Instruction for the entries below: return the part that opens with the line containing "Camisa de manga" and closes with the line containing "The Nyle Vase is", exactly, and no pictures.

## Input for this task
▬▬▬▬▬▬▬▬▬▬

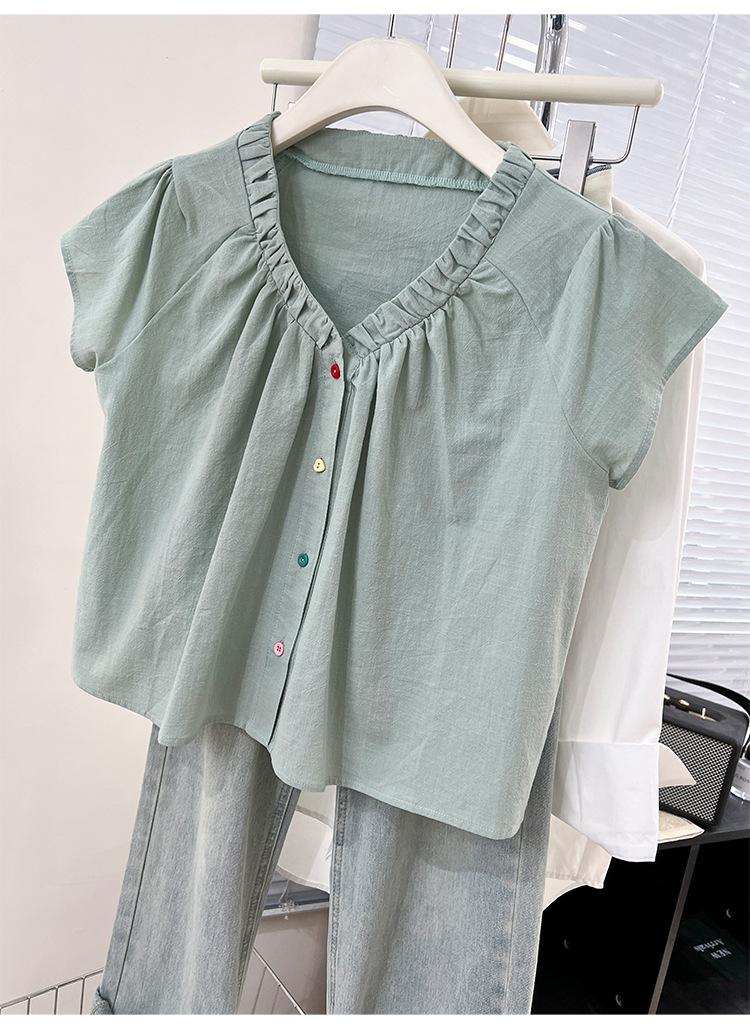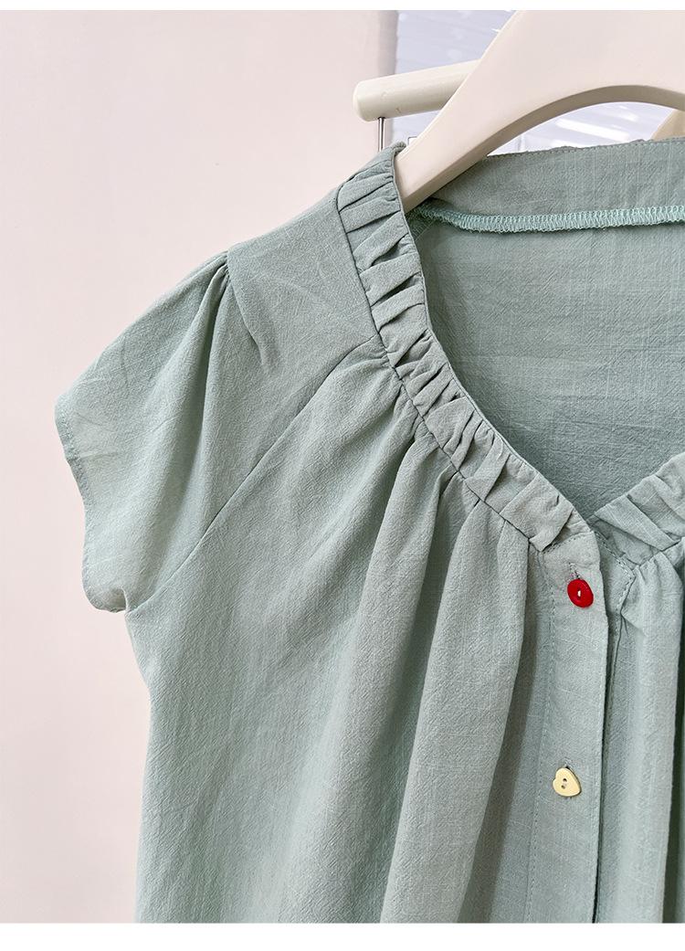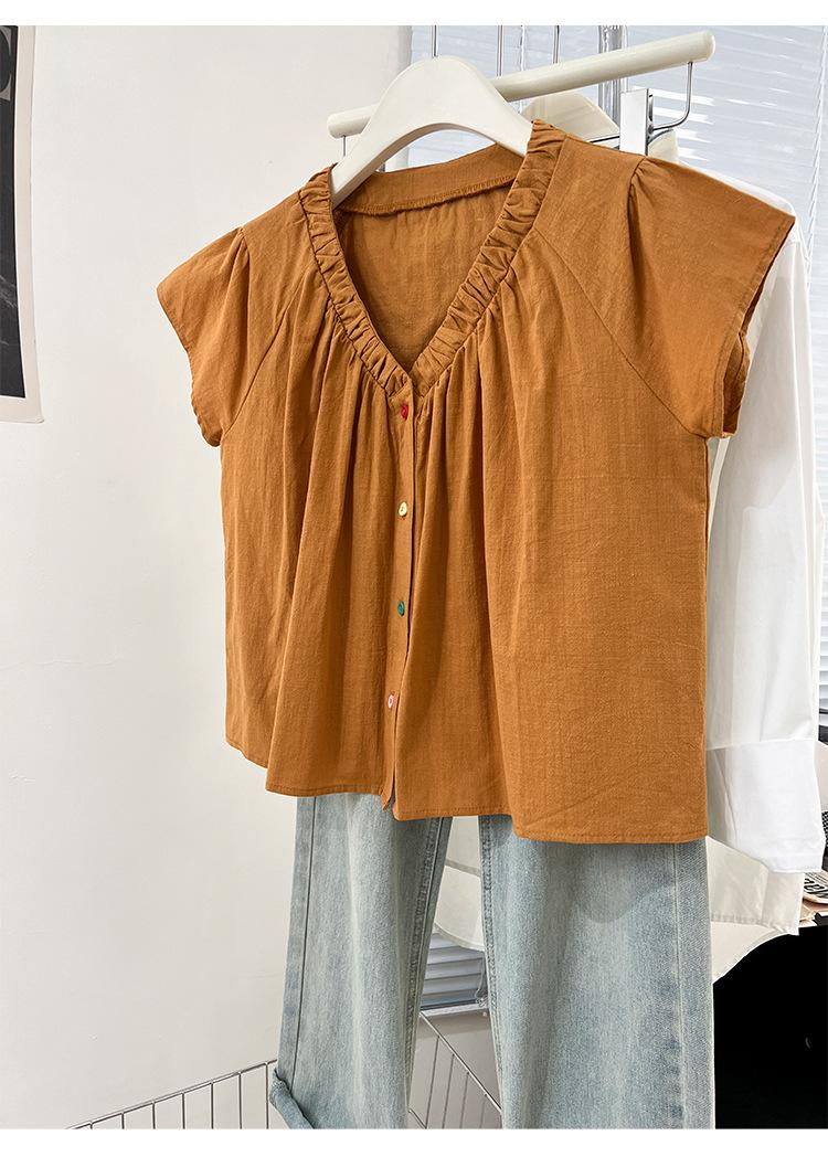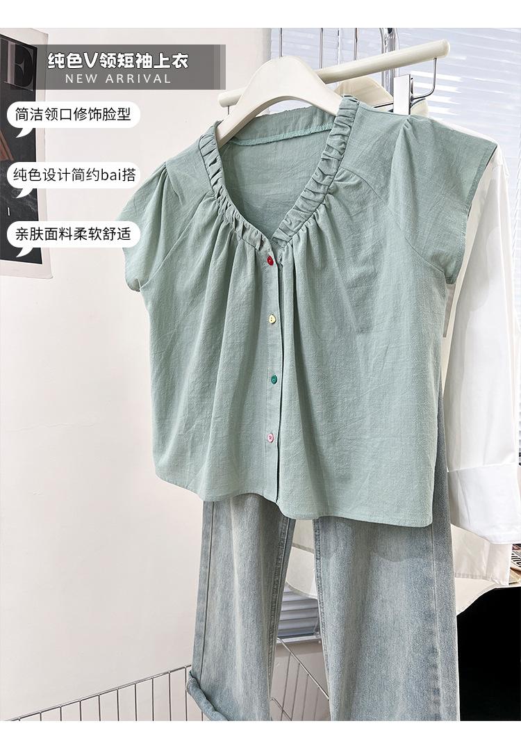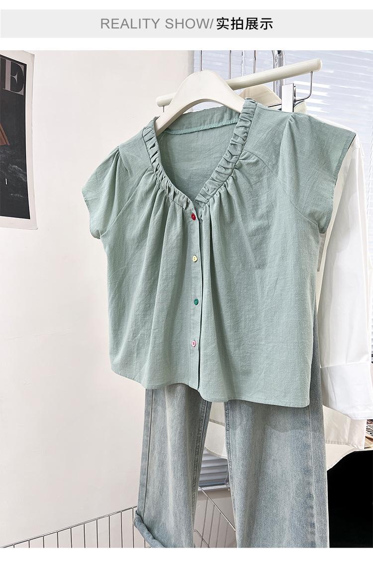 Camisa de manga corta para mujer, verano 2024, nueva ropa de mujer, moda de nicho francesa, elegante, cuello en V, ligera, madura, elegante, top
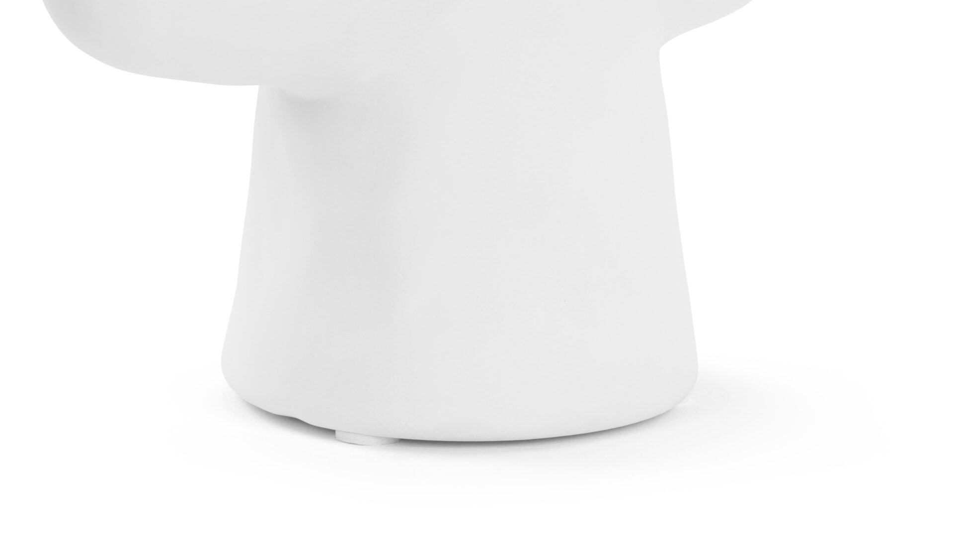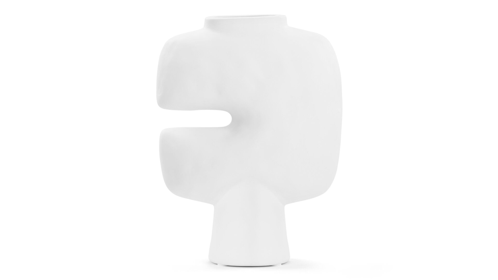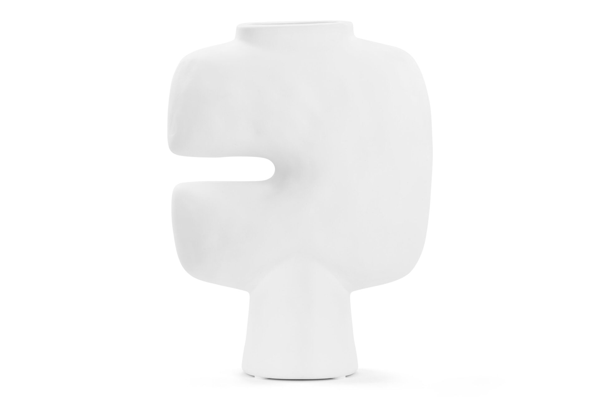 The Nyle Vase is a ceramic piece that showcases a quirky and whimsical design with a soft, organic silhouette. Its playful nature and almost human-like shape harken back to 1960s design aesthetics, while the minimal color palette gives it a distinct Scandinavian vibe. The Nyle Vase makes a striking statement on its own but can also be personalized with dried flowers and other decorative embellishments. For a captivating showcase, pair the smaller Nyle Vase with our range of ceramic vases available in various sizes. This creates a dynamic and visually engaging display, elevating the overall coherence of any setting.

▬▬▬▬▬▬▬▬▬▬

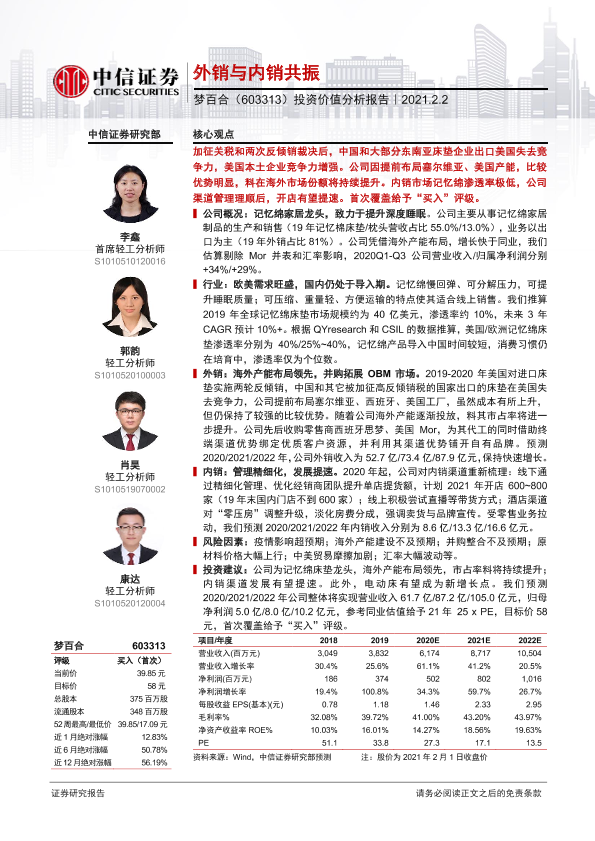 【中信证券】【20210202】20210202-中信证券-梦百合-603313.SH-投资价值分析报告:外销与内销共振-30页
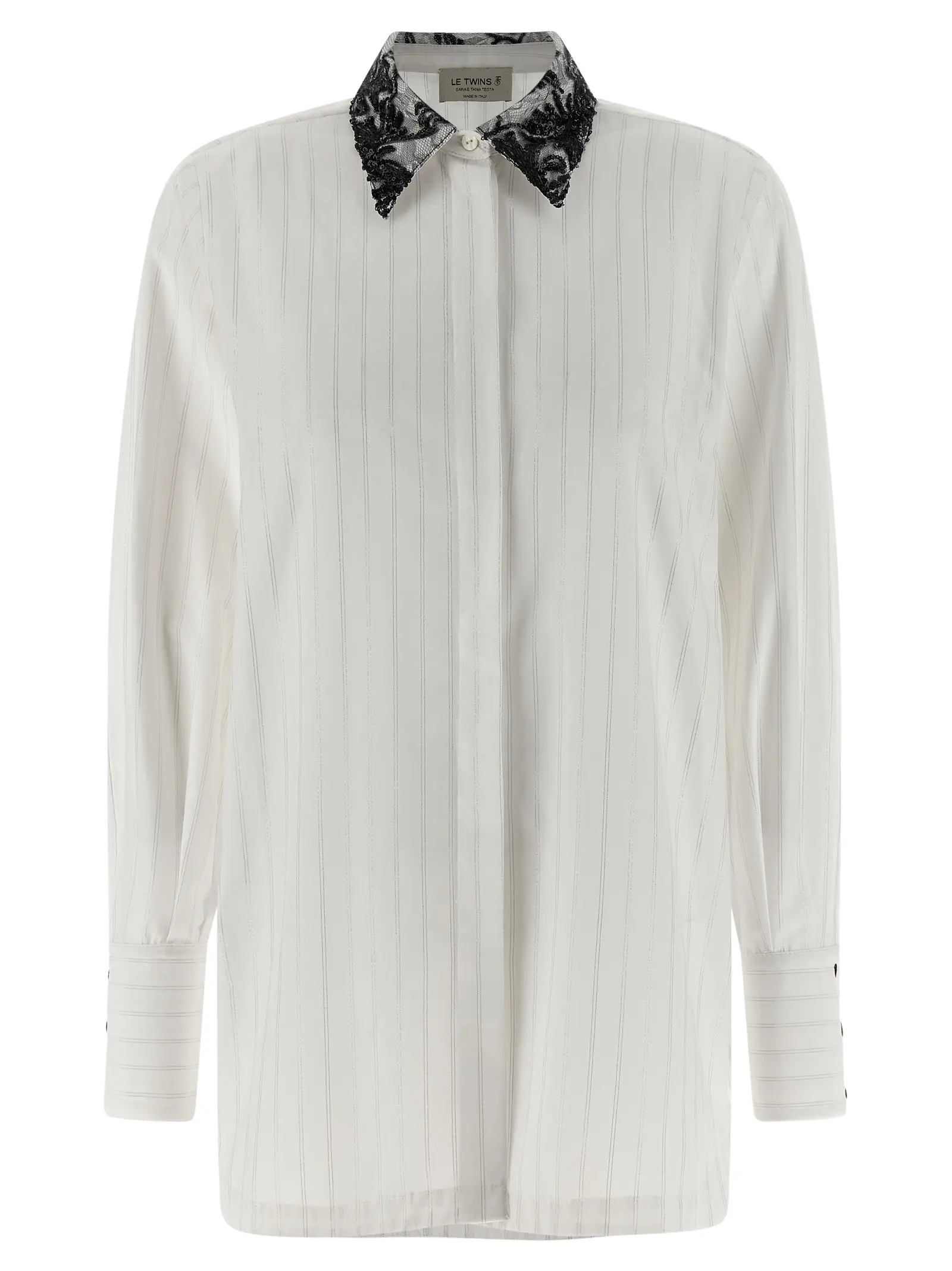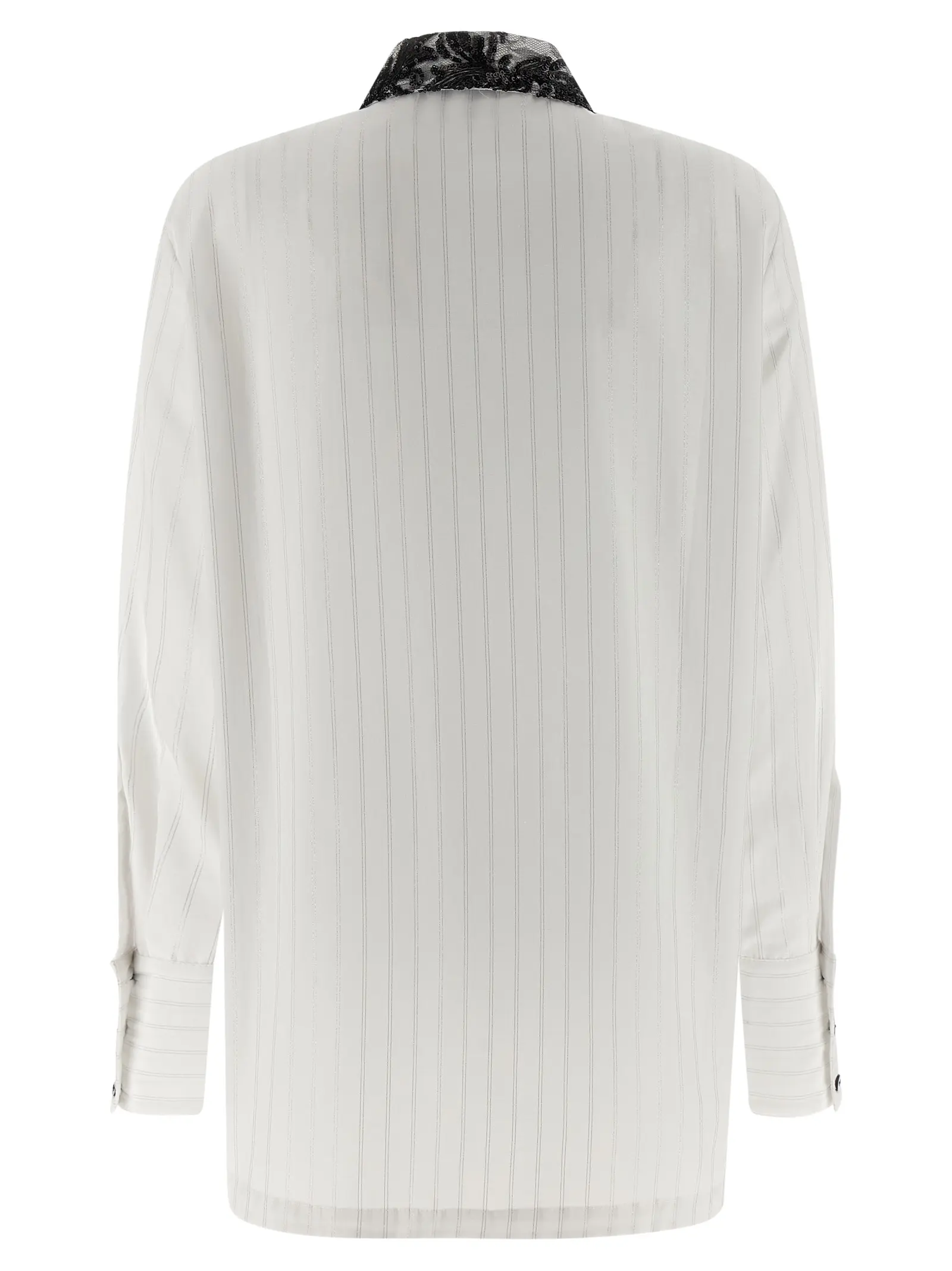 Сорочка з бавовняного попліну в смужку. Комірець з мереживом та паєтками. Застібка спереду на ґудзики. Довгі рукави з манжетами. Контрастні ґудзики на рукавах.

▬▬▬▬▬▬▬▬▬▬

## Reply
 Camisa de manga corta para mujer, verano 2024, nueva ropa de mujer, moda de nicho francesa, elegante, cuello en V, ligera, madura, elegante, top
 The Nyle Vase is a ceramic piece that showcases a quirky and whimsical design with a soft, organic silhouette. Its playful nature and almost human-like shape harken back to 1960s design aesthetics, while the minimal color palette gives it a distinct Scandinavian vibe. The Nyle Vase makes a striking statement on its own but can also be personalized with dried flowers and other decorative embellishments. For a captivating showcase, pair the smaller Nyle Vase with our range of ceramic vases available in various sizes. This creates a dynamic and visually engaging display, elevating the overall coherence of any setting.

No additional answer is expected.